━━━ RECORDS FOR THE EXERCISE ━━━

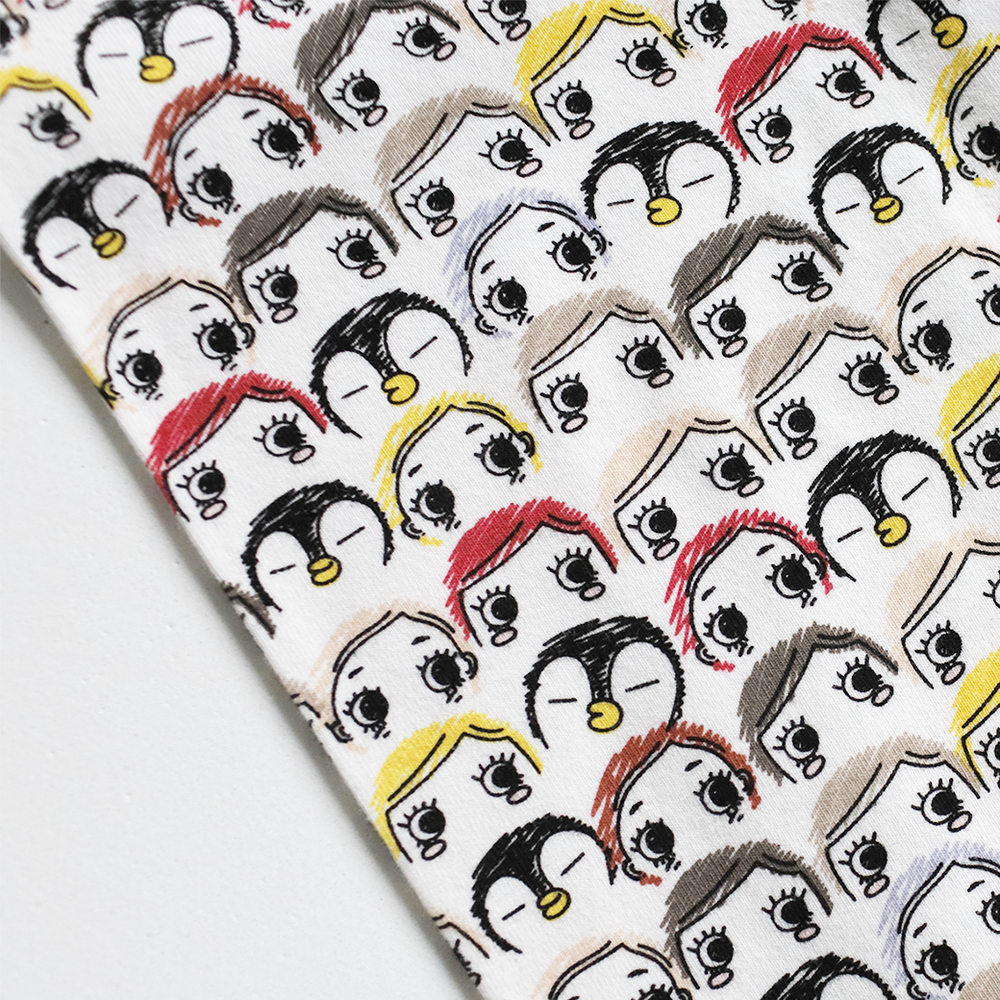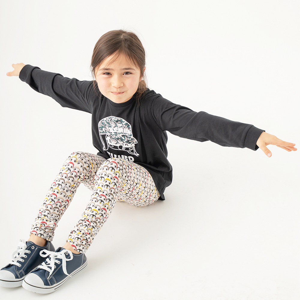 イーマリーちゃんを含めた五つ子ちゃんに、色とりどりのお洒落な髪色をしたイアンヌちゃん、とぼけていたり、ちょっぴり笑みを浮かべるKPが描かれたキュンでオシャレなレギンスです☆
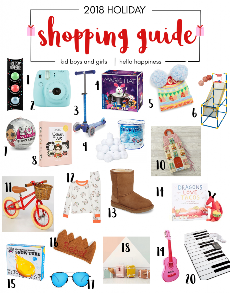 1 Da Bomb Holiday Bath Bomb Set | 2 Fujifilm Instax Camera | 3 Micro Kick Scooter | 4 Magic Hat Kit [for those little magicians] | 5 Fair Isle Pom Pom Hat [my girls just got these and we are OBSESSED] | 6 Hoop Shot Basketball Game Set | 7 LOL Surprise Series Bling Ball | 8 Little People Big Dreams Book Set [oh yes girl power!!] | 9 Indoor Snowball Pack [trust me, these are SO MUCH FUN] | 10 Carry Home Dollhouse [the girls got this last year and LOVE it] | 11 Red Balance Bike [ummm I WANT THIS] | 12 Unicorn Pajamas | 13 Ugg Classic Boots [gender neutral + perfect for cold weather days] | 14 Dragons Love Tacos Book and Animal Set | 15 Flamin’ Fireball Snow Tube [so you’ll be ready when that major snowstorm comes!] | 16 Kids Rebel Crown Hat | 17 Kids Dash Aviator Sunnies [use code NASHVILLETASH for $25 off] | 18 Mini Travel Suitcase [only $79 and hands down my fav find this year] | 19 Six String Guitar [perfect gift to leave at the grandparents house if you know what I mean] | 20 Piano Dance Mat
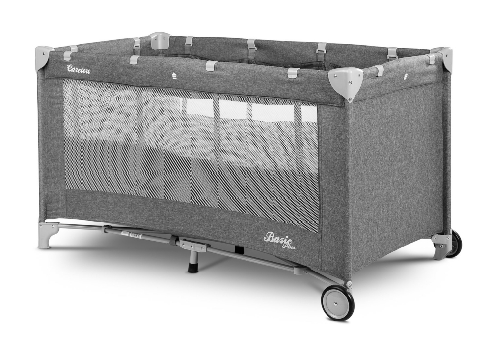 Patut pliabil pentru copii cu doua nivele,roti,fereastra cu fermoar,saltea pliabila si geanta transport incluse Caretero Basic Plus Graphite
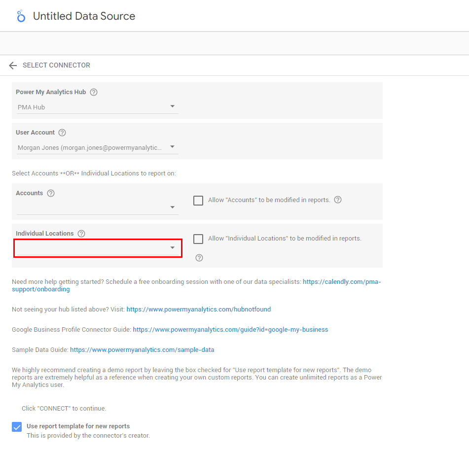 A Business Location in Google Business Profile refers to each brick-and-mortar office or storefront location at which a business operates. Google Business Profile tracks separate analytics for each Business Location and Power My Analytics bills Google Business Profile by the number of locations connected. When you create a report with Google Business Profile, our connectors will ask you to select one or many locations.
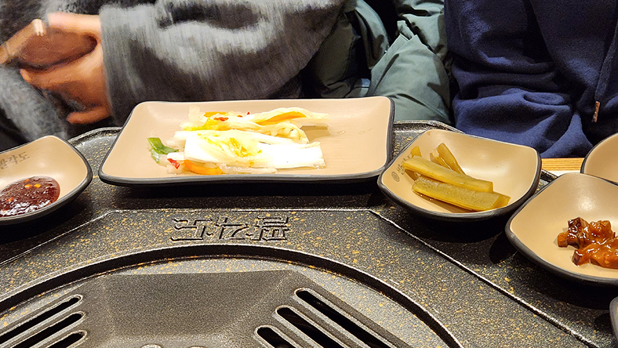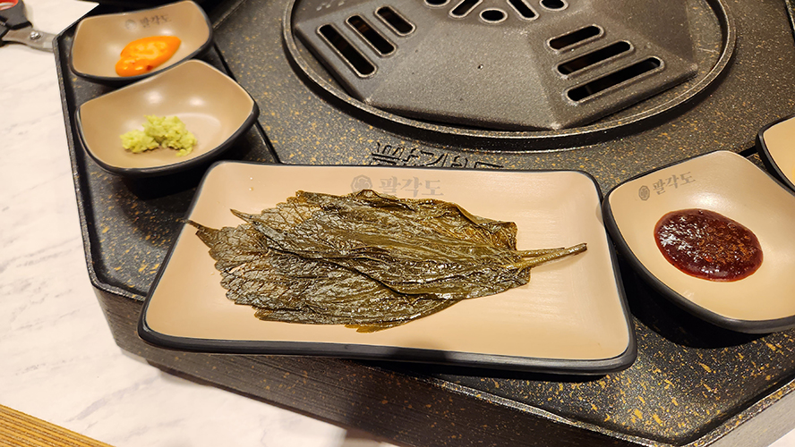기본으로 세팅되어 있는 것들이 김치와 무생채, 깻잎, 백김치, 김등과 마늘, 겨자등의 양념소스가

━━━

YOUR OBJECTIVE — From the first record above to the last, output each one exactly and omit the pictures.

EXERCISE RESPONSE —
 イーマリーちゃんを含めた五つ子ちゃんに、色とりどりのお洒落な髪色をしたイアンヌちゃん、とぼけていたり、ちょっぴり笑みを浮かべるKPが描かれたキュンでオシャレなレギンスです☆
 1 Da Bomb Holiday Bath Bomb Set | 2 Fujifilm Instax Camera | 3 Micro Kick Scooter | 4 Magic Hat Kit [for those little magicians] | 5 Fair Isle Pom Pom Hat [my girls just got these and we are OBSESSED] | 6 Hoop Shot Basketball Game Set | 7 LOL Surprise Series Bling Ball | 8 Little People Big Dreams Book Set [oh yes girl power!!] | 9 Indoor Snowball Pack [trust me, these are SO MUCH FUN] | 10 Carry Home Dollhouse [the girls got this last year and LOVE it] | 11 Red Balance Bike [ummm I WANT THIS] | 12 Unicorn Pajamas | 13 Ugg Classic Boots [gender neutral + perfect for cold weather days] | 14 Dragons Love Tacos Book and Animal Set | 15 Flamin’ Fireball Snow Tube [so you’ll be ready when that major snowstorm comes!] | 16 Kids Rebel Crown Hat | 17 Kids Dash Aviator Sunnies [use code NASHVILLETASH for $25 off] | 18 Mini Travel Suitcase [only $79 and hands down my fav find this year] | 19 Six String Guitar [perfect gift to leave at the grandparents house if you know what I mean] | 20 Piano Dance Mat
 Patut pliabil pentru copii cu doua nivele,roti,fereastra cu fermoar,saltea pliabila si geanta transport incluse Caretero Basic Plus Graphite
 A Business Location in Google Business Profile refers to each brick-and-mortar office or storefront location at which a business operates. Google Business Profile tracks separate analytics for each Business Location and Power My Analytics bills Google Business Profile by the number of locations connected. When you create a report with Google Business Profile, our connectors will ask you to select one or many locations.
기본으로 세팅되어 있는 것들이 김치와 무생채, 깻잎, 백김치, 김등과 마늘, 겨자등의 양념소스가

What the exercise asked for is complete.